Penn was the son of an English admiral: not the kind of timber,
therefore, out of which one would have supposed a great apostle of
non-resistance could be made. He was brought up to the use of ample
wealth, and his training and education were aristocratic. After leaving
Oxford, he made the grand tour, and came home a finished young man of the
world, with the pleasures and rewards of life before him. He had good
brains and solid qualities, and the old admiral had high hopes of him. No
doubt he would have made a very good figure in the English world of
fashion; but destiny had another career marked out for him.

The plain Man with the Leather Breeches got hold of him; and all the
objurgations, threats, and even the act of disinheritance of the admiral
were powerless to extricate him from that grasp. Penn had found something
which seemed to him more precious than rubies, and he was quite as
resolute as the old hero of the Navy. Penn could endure the beating and
the being turned into the streets, but he could not stop his ears and eyes
to the voice and light of God in his soul. He did not care to conquer
another Jamaica, but he passionately desired to minister to the spiritual
good of his fellow creatures. He was of a sociable and cheerful
disposition; he could disarm his adversary in a duel; he could take charge
of the family estates, and qualify himself for the law; the king was ready
to smile upon him; but all worldly ambitions died away in him when he
heard Thomas Lee testify of the faith that overcomes the world. Nothing
less than that would satisfy Penn. In 1666, when he was two and twenty, he
made acquaintance with the inside of a jail on account of his
conscientious perversities; but the only effect of the experience was to
make him perceive that he had thereby become "his own freeman." When he
got out, his friends cut him and society made game of him; finally, he was
lodged in the Tower, which, he informed Charles II., seemed to him "the
worst argument in the world." They let him out in less than a year, but in
less than a year more he was again arrested and put on trial. The jury,
after having been starved for two days and heartily cursed by the judge,
brought him in not guilty; upon which the judge, with a fine sense of
humor, fined them all heavily and sent him back to prison. But this was
too much for the admiral, who paid his fines and got him out; and, being
then on his death-bed, surrendered at discretion, restoring to him the
inheritance, and observing, not without a pensive satisfaction, that he
and his friends would end by "making an end of the priests."

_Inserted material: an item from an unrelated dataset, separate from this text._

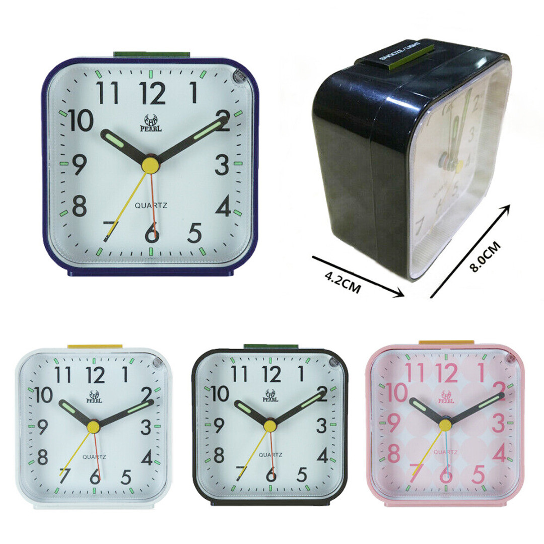 Small Battery Operated Analog Travel Alarm Clock Silent No Ticking Home Decor

A six months' term in Newgate was still in store for Penn; but after that
they gave up this method of reforming him. He spent the next years in
exhorting Parliament and reproving princes all over Europe; and in the
midst of these labors he met one of the best and most beautiful women in
England; she had suitors by the score, but she loved William Penn, and
they were married. She was the wife of his mind and soul as well as of his
bed and board. He was now doubly fortified against the world, and doubly
bound to his career of human benevolence. His studies and meditations had
made him a profound philosopher and an able statesman; and in all ways he
was prepared to begin the great work of his life.

* * * * *

Meanwhile, the Quakers in the new world were building up the framework of
their state. They decreed to put the power in the people, and all the
articles of their constitution embody the utmost degree of freedom, with
constant opportunities for the electors to revise or renew their
judgments. When the agent of the Duke of York levied customs on ships
going to New Jersey, the act drew from the colonists a remarkable protest,
which was supported by the courts. They had planted in the wilderness,
they said, in order, among other things, to escape arbitrary taxation; if
they could not make their own laws in a land which they had bought, not
from the Duke, but from the natives, they had lost instead of gaining
liberty by leaving England. Taxes levied upon planting left them nothing
to call their own, and foreshadowed a despotic government in England, when
the Duke should come to the throne. The future James II. gave up his
claim, and in 1680 signed an indenture to that effect. Later, at the
advice of Penn, they so amended their constitution as to give them power
to elect their own governor. A charter was drawn up by Penn and confirmed
in 1681, and he became proprietor. No man ever assumed such a trust with
less of personal ambition or desire for gain than he. "You shall be
governed by laws of your own making," said he; "I shall not usurp the
right of any, or oppress his person." He had already made inroads on his
estate by fighting the cause of his brethren in England in the courts; but
when a speculator offered him six thousand pounds down and an annual
income for the monopoly of Indian trade, he declined it; the trade
belonged to his people. He was ardently desirous to benefit his colony by
putting in operation among them the schemes which his wisdom had evolved;
but he would not override their own wishes; they should be secured even
from his power to do them good; for, as liberty without obedience is
confusion, so is obedience without liberty slavery. Instead therefore of
imposing his designs upon them, he submitted them for their free
consideration. Pennsylvania now occupied its present boundaries, with the
addition of Delaware; and western New Jersey ceased to be the nominal home
of the Friends in America. In 1682, Penn embarked for the Delaware. He had
founded a free colony for all mankind, believing that God is in every
conscience; and he was now going to witness and superintend the working of
his "holy experiment."

On October 29th he was received at Newcastle by a crowd of mixed
nationality, and the Duke of York's agent formally delivered up the
province to him. The journey up the Delaware was continued in an open
boat, and the site of Philadelphia was reached in the first week of
November. There a meeting of delegates from the inhabitants was held and
the rules which were to govern them were reviewed and ratified. Among
these it was stipulated that every Christian sect was eligible to office,
that murder only was a capital crime, that marriage was a civil contract,
that convict prisons should be workhouses, that all who paid duties should
be electors, and that there should be no poor rates or tithes. Then Penn
proceeded to lay out the city of Philadelphia, where they "might improve
an innocent course of life on a virgin Elysian shore." It was here that
the Declaration of Independence was signed ninety-three years afterward.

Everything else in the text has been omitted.